Nigeria’s insurance industry recorded strong growth in 2025, yet its overall contribution to the country’s economy remains small compared with the banking sector.
According to the latest report by the National Bureau of Statistics, the financial services sector contributed ₦6.58 trillion to Nigeria’s GDP in 2025, representing a 15% increase from ₦5.74 trillion in 2024.
However, while banks dominated the sector’s output, insurance posted the fastest growth rate.
Insurance Growth Outpaces Expectations
The report shows that Nigeria’s insurance industry contributed ₦710.58 billion to GDP in 2025, a 16.04% rise from ₦612.35 billion recorded in 2024.
In Q4 2025 alone, the sector expanded by 21.37%, one of the strongest growth rates across financial services.

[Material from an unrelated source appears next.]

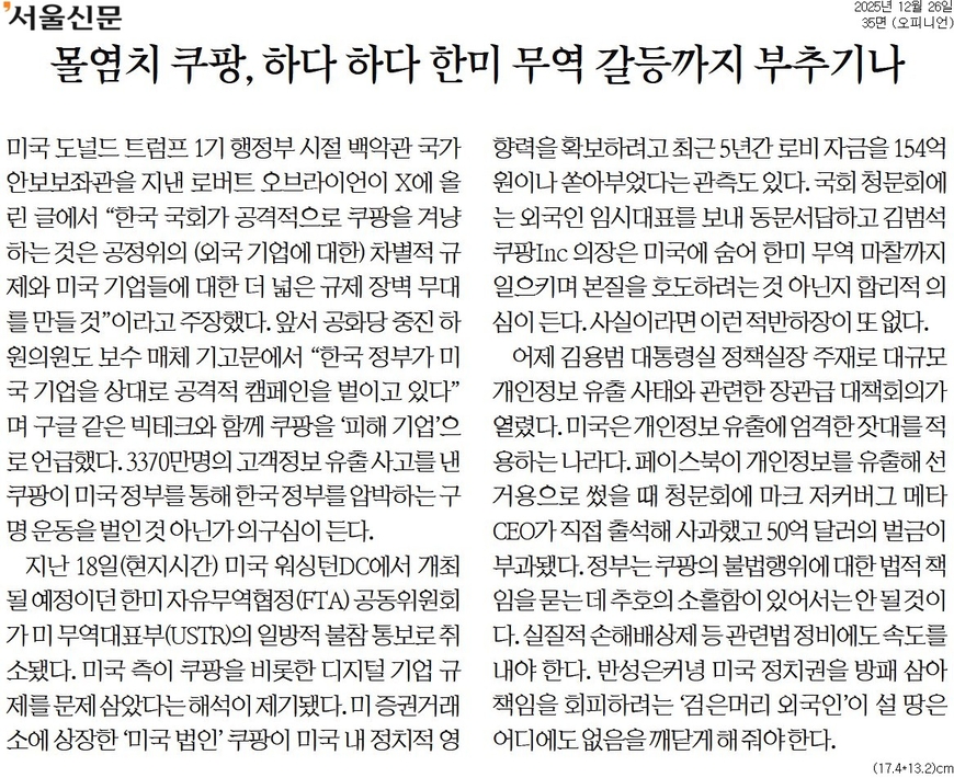 26일 한국일보의 <“한국 정부가 미국 기업 공격”…도 넘은 쿠팡 로비>, 서울신문의 <몰염치 쿠팡 하다 하다 한미 무역 갈등까지 부추기나> 사설 등도 같은 궤에 놓을 수 있다. 서울신문은 미국 공화당 중진 하원의원의 보수 매체 기고, 로버트 오브라이언의 발언 등을 언급, “쿠팡이 미국 정부를 통해 한국 정보를 압박하는 구명 운동을 벌인 것 아닌가 의구심이 든다”고 했다.

Overall contributions across the year were:
- Q1 2025: ₦1.78 trillion (finance and insurance combined)
- Q2 2025: ₦1.65 trillion
- Q3 2025: ₦1.51 trillion
- Q4 2025: ₦1.64 trillion
Despite this growth, the banking sector still dominated the space, contributing 90.43%, while insurance accounted for just 9.57% of the financial services sector’s GDP contribution.
Reforms Driving Momentum
Industry stakeholders say the sector’s strong performance was largely fueled by reforms, including the new insurance law signed by President Bola Ahmed Tinubu.
The Nigeria Insurance Industry Reform Act 2025 introduced sweeping changes such as higher capital requirements, improved claims settlement rules, and stronger consumer protection measures.
President of the Nigerian Council of Registered Insurance Brokers, Ekeoma Ezeibe, described the new law as a transformational framework for the industry.
She noted that the Act increased the professional indemnity requirement for brokers to ₦100 billion or 50% of annual revenue, strengthened claims settlement timelines, and introduced funds to protect policyholders and accident victims.
Still a Long Road to Economic Impact
Despite the growth, insurance remains a minor contributor to Nigeria’s GDP, accounting for less than 1%, far behind many African peers.
For comparison:
- South Africa: 12–14% insurance contribution to GDP
- Kenya: 2–3%
- Namibia: over 7%
- Mauritius and Morocco: over 4%
Stakeholders believe Nigeria’s large population should translate into much higher insurance penetration.
Hope for Stronger Growth
Insurance regulators say the sector’s transformation is already underway.
The Commissioner for Insurance at the National Insurance Commission, Olusegun Ayo Omosehin, said the reform law provides a once-in-a-generation opportunity to modernise the industry.
The regulator’s agenda focuses on stronger financial stability, improved governance standards, digitisation, and wider access to insurance products.
Industry operators remain optimistic that ongoing reforms, recapitalisation and increased infrastructure spending will help insurance expand its footprint and play a bigger role in Nigeria’s economic growth in the coming years.